図書館は,地域の商業施設が集まるエリアの近くにある。メルボルンの中心街では,アジア系,インド系,アラブ系などを多く見かけ,多民族都市的な雰囲気があるが,ここではそうした背景を持つ人はあまりみかけない。建物は1980年に建設され,2009年に改装されている。さらに2026年4月からは,リビング・ライブラリー・インフラ・プログラムによるリノベーションが予定されている。このことは別途述べたい。

平屋建ての小規模な図書館で,系図資料を集めた部屋への入口が別にある。訪問時は閉まっていた。ここではギズボーン系譜学グループが活動している7。館内では親子連れ3組とPCを利用している人が2人おり,それ以外にも利用者が頻繁に来館していた。入口を入ると正面にカウンターがある。自動貸出機も2台設置されていた。入口周辺には予約資料,パズルの交換コーナー,特集展示,種の図書館がある。
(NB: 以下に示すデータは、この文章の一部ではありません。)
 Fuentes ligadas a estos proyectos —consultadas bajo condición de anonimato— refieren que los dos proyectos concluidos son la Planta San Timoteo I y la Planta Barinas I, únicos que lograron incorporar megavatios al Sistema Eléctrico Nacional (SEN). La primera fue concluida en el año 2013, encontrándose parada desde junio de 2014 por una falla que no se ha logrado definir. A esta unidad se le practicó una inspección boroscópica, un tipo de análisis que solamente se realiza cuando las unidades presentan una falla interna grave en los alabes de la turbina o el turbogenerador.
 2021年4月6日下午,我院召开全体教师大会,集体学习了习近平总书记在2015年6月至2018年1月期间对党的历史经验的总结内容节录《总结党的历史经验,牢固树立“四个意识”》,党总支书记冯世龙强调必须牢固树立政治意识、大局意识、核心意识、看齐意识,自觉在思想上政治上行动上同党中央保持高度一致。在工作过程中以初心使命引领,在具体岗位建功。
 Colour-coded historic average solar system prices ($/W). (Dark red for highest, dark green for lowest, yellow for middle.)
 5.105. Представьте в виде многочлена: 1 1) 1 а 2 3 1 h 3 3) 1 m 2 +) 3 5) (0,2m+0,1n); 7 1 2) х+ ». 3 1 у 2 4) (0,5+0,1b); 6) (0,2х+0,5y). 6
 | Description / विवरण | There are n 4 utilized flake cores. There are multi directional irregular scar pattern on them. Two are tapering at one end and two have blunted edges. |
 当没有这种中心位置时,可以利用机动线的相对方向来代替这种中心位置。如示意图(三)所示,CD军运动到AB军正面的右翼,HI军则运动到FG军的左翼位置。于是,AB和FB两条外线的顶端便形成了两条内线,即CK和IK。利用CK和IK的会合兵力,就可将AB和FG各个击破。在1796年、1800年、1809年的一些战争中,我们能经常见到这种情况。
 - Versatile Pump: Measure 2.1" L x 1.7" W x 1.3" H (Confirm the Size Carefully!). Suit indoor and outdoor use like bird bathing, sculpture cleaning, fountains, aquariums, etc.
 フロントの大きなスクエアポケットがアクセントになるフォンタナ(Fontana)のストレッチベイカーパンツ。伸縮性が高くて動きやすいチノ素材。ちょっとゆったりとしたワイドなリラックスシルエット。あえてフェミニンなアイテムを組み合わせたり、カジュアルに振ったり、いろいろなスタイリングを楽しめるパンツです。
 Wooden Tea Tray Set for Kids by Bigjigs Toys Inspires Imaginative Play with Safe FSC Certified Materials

また,「We welcom everybody」と書かれた歓迎のポスターと,館内の行動ルールを示す Code of conduct のポスターが掲示されている。あらゆる人を歓迎する一方,館内で禁止する行為を明示することはヨーロッパ,北米でも多く見られた。

入口を背に左側には大人向けのフィクションが並び,奥に新聞・雑誌,さらにTEENコーナー(グラフィックノベルとフィクション)がある。TEENコーナーにはビーズソファが置かれていた。手前にはPCコーナーがあり6台設置されているが,訪問時は2台が使用されていた。奥にはブラウジングコーナーがある。キッチンも併設され,利用者が自由に使える。サム・メリフィールド図書館では,冷蔵庫が置かれていたが,こうした設備があるのは興味深い。
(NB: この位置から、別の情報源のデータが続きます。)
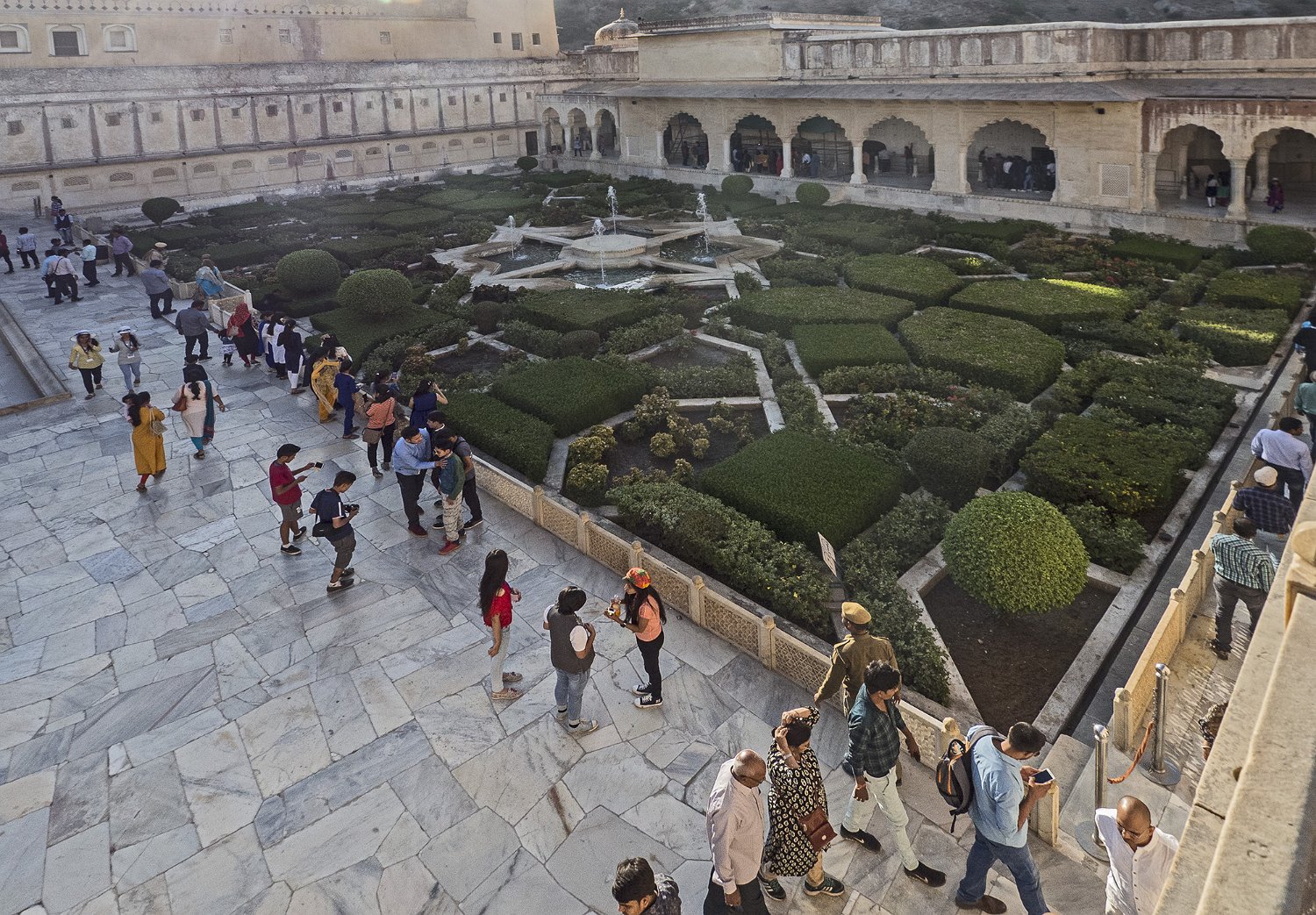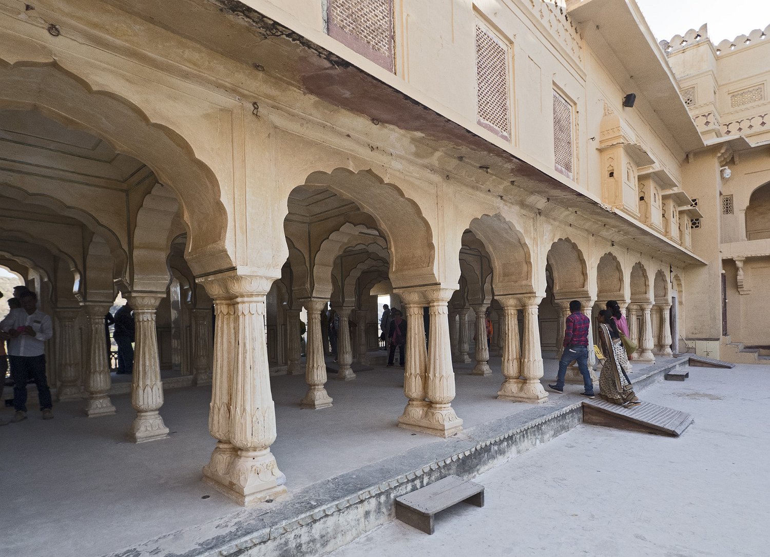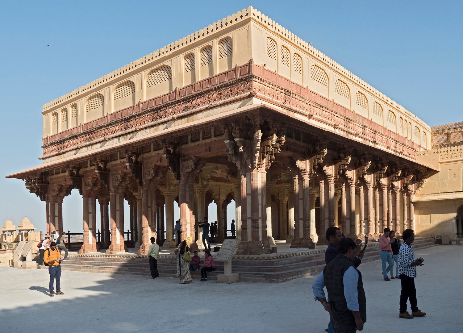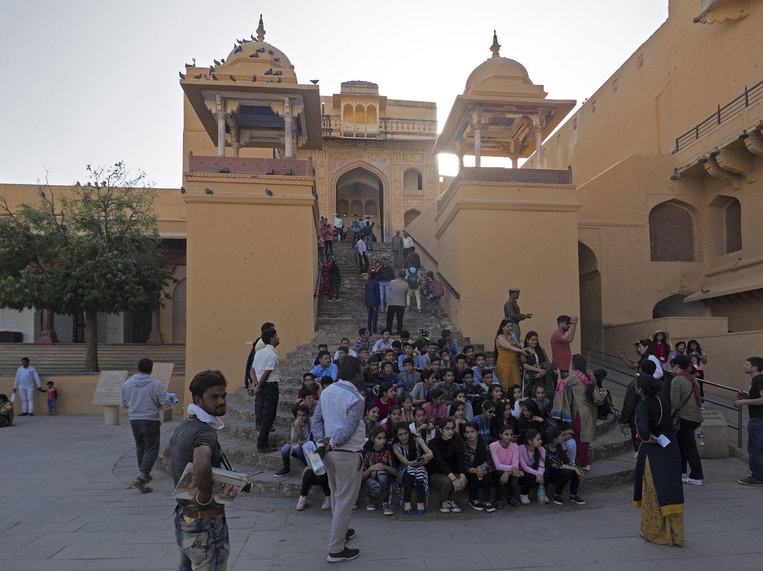La cour supérieure, la porte de Danesh à droite et le Diwan-i-Aam à gauche Autre vue de la cour supérieure La porte de Ganesh  Porte de cérémonie donnant accès aux appartements privés du palais Selfie à côté de la porte de Ganesh
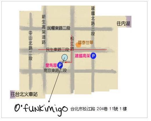 頭獎:O’funkimigo驚喜禮一份﹝不能說的秘密喔!﹞ 地址:台北市松江路 204巷 11號 1 樓 (請看地圖) 地點是在松江路與民生東路口,路口是星巴克,隔壁是一家 7-11,文具店,然後是御書園的入口處,旁邊就是204巷,(對街是救國團) 走進去約80公尺,右手邊找11號1樓,綠色的門,即是 Ofunkimigo Shop。 公車族:站名『救國團』,請看公車地圖。 捷運族:捷運淡水站 捷運中和站 - 捷運雙連站 轉搭226 / 518號公車至《救國團》
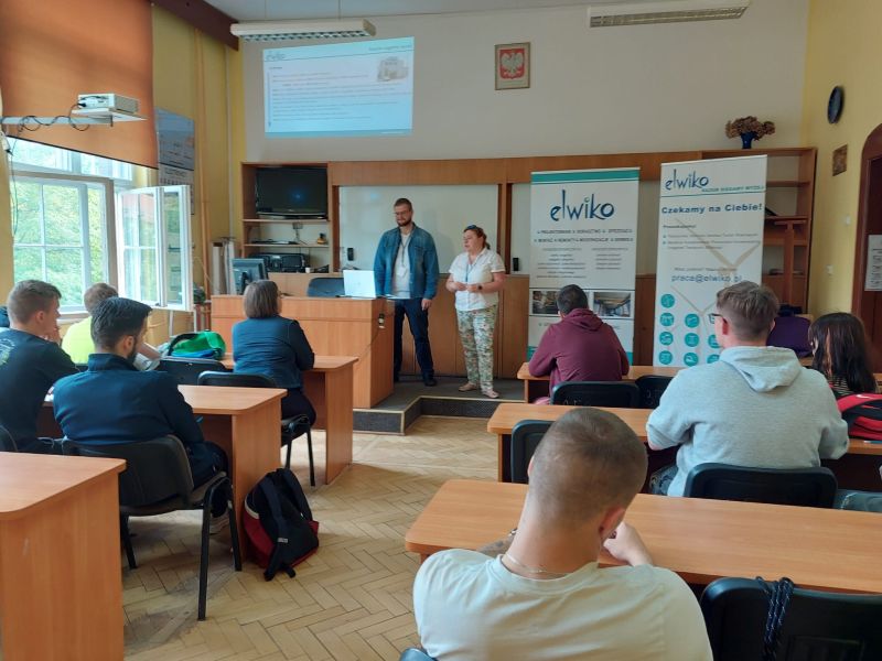 16 maja 2022 roku odbyło się spotkanie przedstawicieli firmy Elwiko, Pani Doroty Kocoń- Specjalistą ds. sprzedaży i marketingu i Pana Bartłomieja Duli – kierownika sprzedaży, z uczniami klasy 3 Z i 3 Zg Szkoły Branżowej.
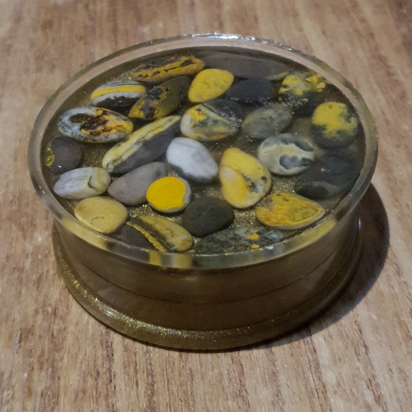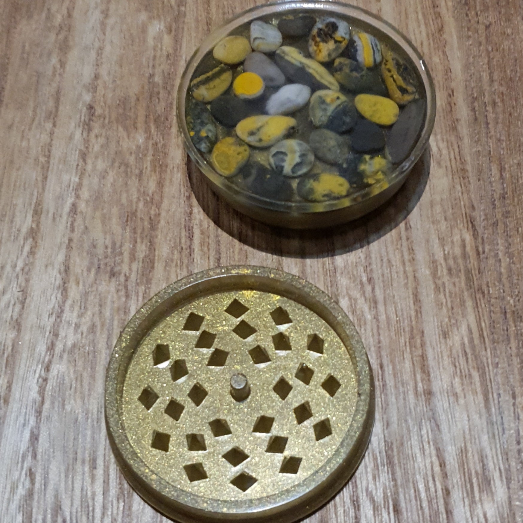 Bee pleased by this Bumblebee Jasper Grinder. Made with epoxy resin with super sharp teeth designed for a fast chop.

面陳されている図書の中には,職員の名前付きの staff pick (推薦図書)がある。書棚は移動式の4段または5段で,最上段は面陳用が多い。装備は,ハードカバーには特に何もしておらず,ペーパーバックにはブッカーがかけられていた。RFIDタグは裏表紙の内側に貼付されている。OPAC は Spydus が使われていた。
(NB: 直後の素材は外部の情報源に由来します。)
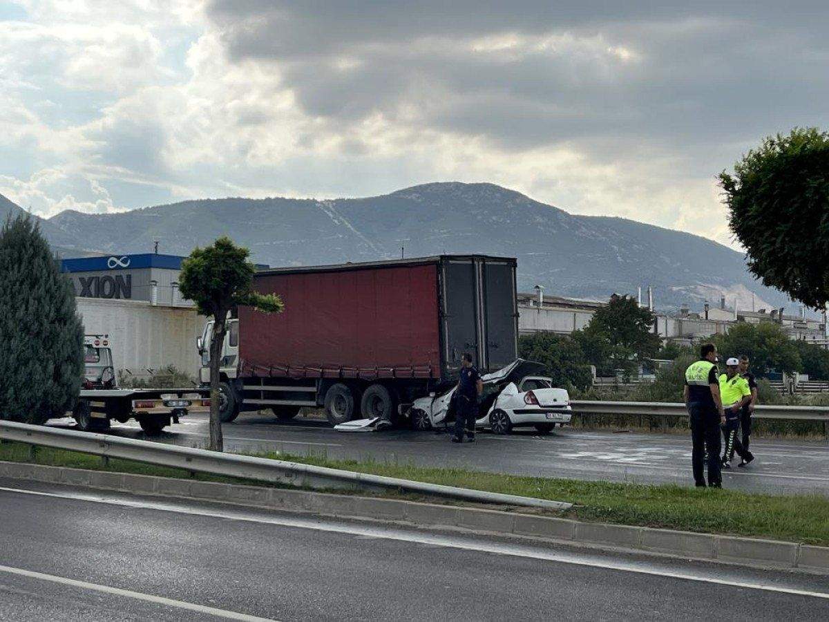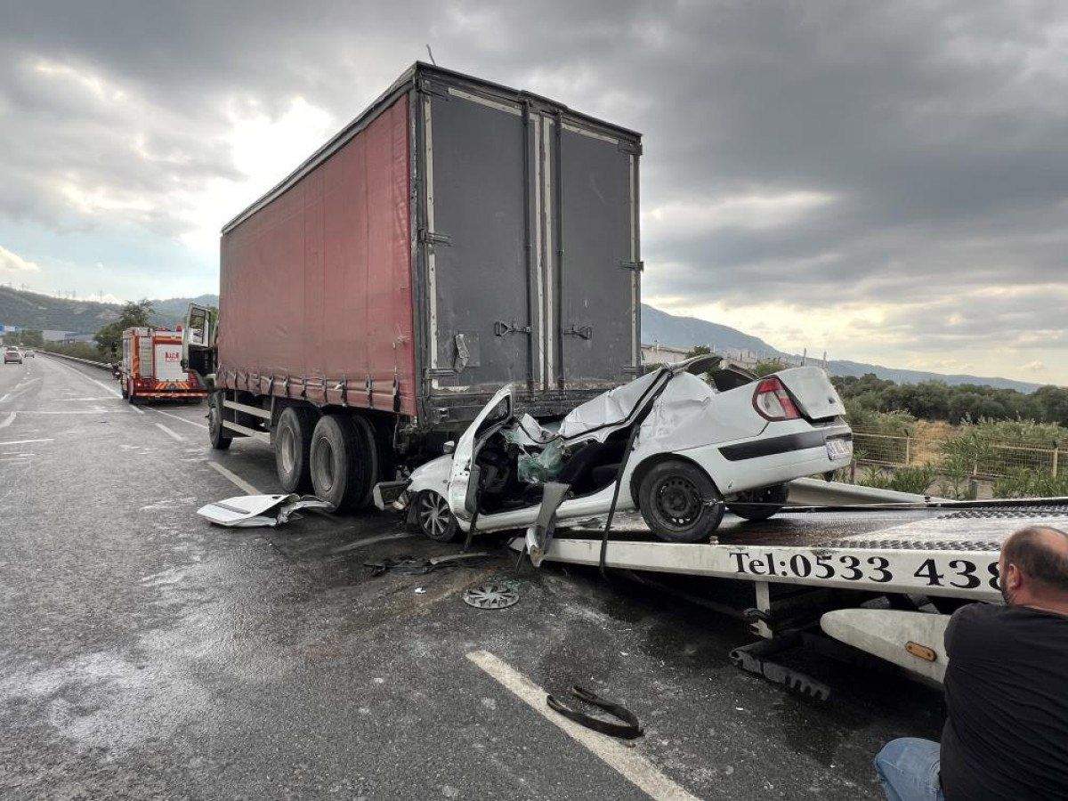 Manisa’nın Yunusemre ilçesi İzmir – İstanbul çevreyolu üzerinde A.V. idaresindeki 45 ALL 514 plakalı otomobil aynı istikamette seyir halindeki C.D. idaresindeki 35 BDD 416 plakalı kamyona arkadan çarptı.
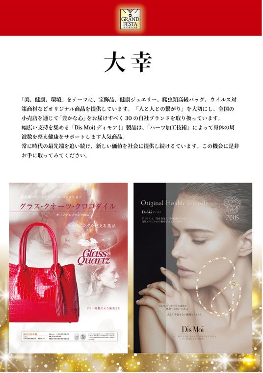 大幸は、「美・健康・環境」をテーマに、宝飾品、健康ジュエリー、爬虫類高級バッグ、ウイルス対策商材など、独自の視点で開発したオリジナル商品を提供しております。「人と人との繋がり」を大切にしながら、30の自社ブランドを展開しています。中でも幅広い支持を集める「Dis Moi(ディモア)」製品は、独自の「ハーツ加工技術」により身体の周波数を整え、健康をサポートする人気商品。
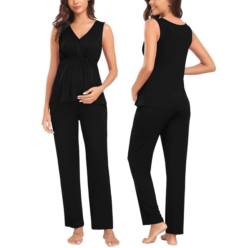Crafted from high-quality, stretchy fabric, this set is perfect for your growing bump, providing comfort and support throughout your pregnancy. The convenient nursing clips on the sleevless tops make breastfeeding a breeze, while the cozy long pants ensure a peaceful night's sleep for both mom and baby.
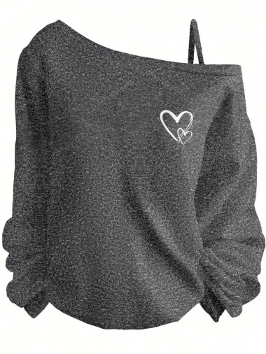 Body:Unlined Pattern Type:Graphic Sleeve Type:Regular Sleeve Hem Shaped:Regular Lined For Added Warmth:No Pockets:No Color:Dark Grey Details:Asymmetrical Style:Casual Occasion:Daily Neckline:Asymmetrical Neck Sleeve Length:Long Sleeve Length:Regular Fit Type:Regular Fit Fabric Elasticity:Slight Stretch Material:Knitted Fabric Composition:95% Polyester, 5% Elastane Care Instructions:Machine wash or professional dry clean Sheer:No |
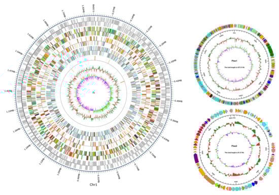 The sequencing of T. thermophilus N-1 generated 98,992 subreads and 655,471,669 base pairs, with 298-fold genome coverage. One contig without gaps was obtained after assembling the filtered low-quality reads with SMRT Link v5.0.1. A complete genome map of T. thermophilus N-1 was drawn (Figure 2). The complete genome was 2,194,207 bp in length and contained a circular chromosome with a G + C content of 69.51% and two circular plasmids with G + C contents of 69.33% and 67.95% (Table 2). Six rRNA operons, 48 tRNA genes, 11 genomics islands, 10 clustered regularly interspersed short palindromic repeats (CRISPRs), and 2328 protein-coding genes (CDSs) were identified. Twenty-one interspersed repetitive sequences, including 11 long terminal repeats (LTRs), 3 DNA transposons, 2 long interspersed repeated segments (LINEs), 4 short interspersed repeated segments (SINEs) and 1 unknown sequence, were identified. Additionally, 139 tandem repeat sequences (repeat size 9–228 bp), including 128 minisatellite DNA sequences (repeat size 11–56 bp), were found.

入口から見て右側には,大活字本,ノンフィクション,伝記,視聴覚資料(オーディオブック,DVD)が並んでいる。児童用資料としては,ボードブック,絵本,簡単な読み物,児童向けフィクションとノンフィクションなどが排架されている。児童コーナーの奥には屋外の中庭があり,遊び場として使われていた。壁で他の空間と区切られた安全な場所で,ベンチも設置されているため,子どもを安心して遊ばせることができる。実際に2組の親子が利用していた。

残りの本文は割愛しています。